[Exercise brief] From the records that follow, return exactly the lines beginning at the one that contains "On March 25" and ending at the one that contains "Treino intenso –", pictures left out.

[Data under study]

-.-.-

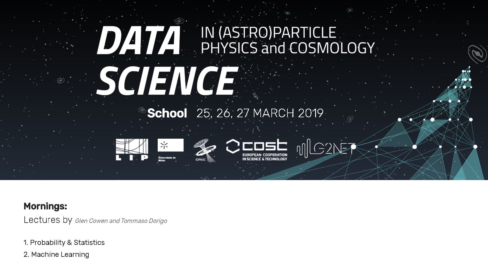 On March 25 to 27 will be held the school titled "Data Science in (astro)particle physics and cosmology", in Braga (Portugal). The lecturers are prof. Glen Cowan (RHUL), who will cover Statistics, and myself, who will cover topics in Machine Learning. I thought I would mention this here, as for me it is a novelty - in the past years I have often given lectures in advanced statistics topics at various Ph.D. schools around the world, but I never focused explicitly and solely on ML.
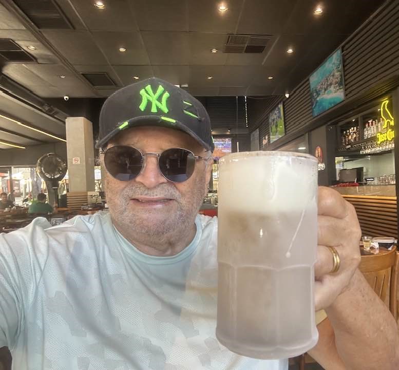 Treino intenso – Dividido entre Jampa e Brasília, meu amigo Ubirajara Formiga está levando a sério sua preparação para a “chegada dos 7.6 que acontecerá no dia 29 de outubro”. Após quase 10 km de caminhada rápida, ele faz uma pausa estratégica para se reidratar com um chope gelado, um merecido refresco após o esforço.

-.-.-

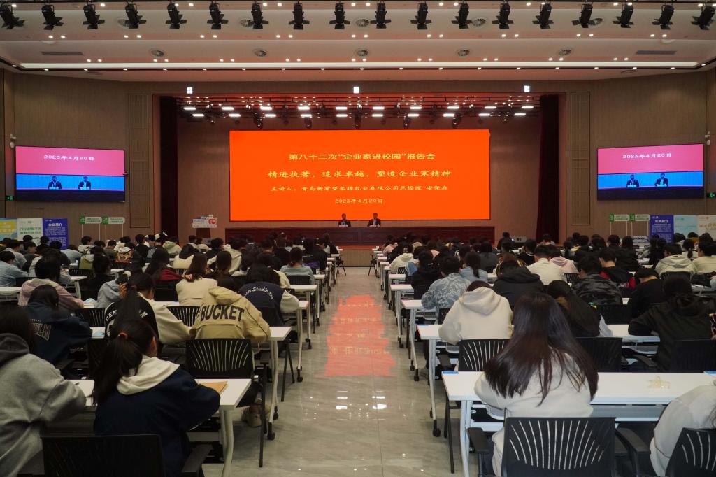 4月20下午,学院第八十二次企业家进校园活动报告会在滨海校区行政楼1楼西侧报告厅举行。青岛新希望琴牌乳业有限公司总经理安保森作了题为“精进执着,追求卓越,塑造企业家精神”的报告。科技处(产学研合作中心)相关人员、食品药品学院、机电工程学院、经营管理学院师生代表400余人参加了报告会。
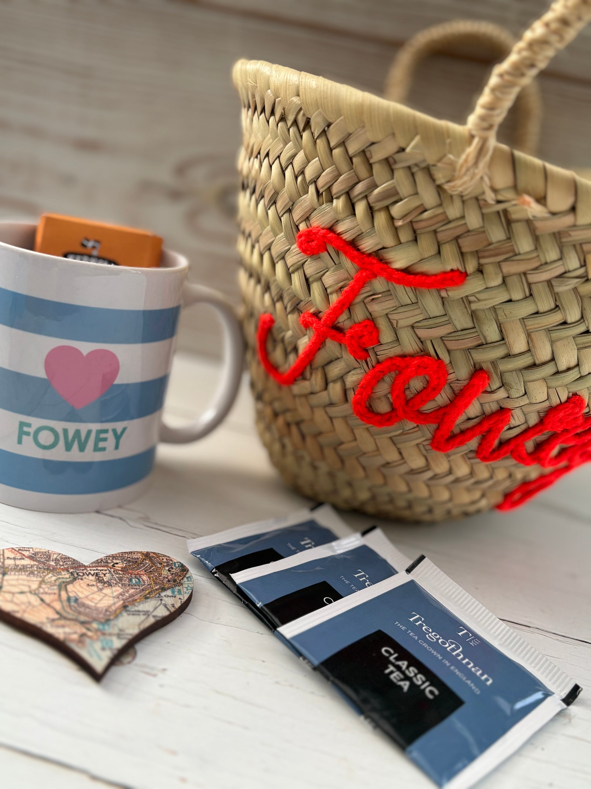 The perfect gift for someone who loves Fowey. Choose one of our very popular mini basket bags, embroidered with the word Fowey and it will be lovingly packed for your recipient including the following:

-.-.-

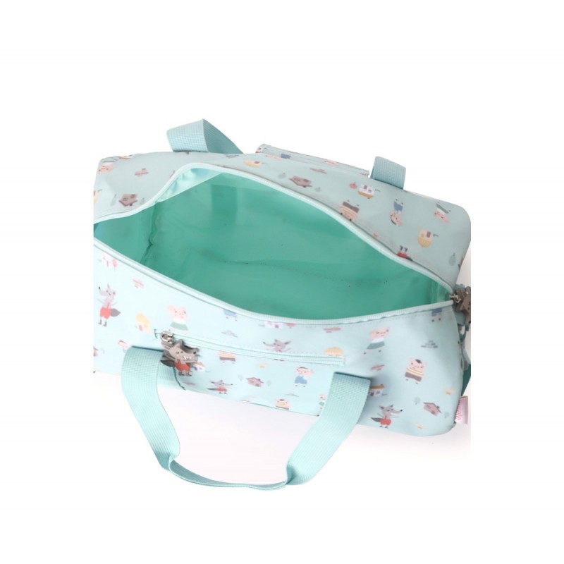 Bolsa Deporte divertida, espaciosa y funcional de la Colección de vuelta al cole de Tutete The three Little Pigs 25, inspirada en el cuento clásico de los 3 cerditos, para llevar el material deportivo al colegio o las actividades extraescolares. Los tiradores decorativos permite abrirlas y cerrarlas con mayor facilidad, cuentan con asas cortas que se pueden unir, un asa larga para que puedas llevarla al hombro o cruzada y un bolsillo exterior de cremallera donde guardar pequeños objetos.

-.-.-

[Written reply]
 On March 25 to 27 will be held the school titled "Data Science in (astro)particle physics and cosmology", in Braga (Portugal). The lecturers are prof. Glen Cowan (RHUL), who will cover Statistics, and myself, who will cover topics in Machine Learning. I thought I would mention this here, as for me it is a novelty - in the past years I have often given lectures in advanced statistics topics at various Ph.D. schools around the world, but I never focused explicitly and solely on ML.
 Treino intenso – Dividido entre Jampa e Brasília, meu amigo Ubirajara Formiga está levando a sério sua preparação para a “chegada dos 7.6 que acontecerá no dia 29 de outubro”. Após quase 10 km de caminhada rápida, ele faz uma pausa estratégica para se reidratar com um chope gelado, um merecido refresco após o esforço.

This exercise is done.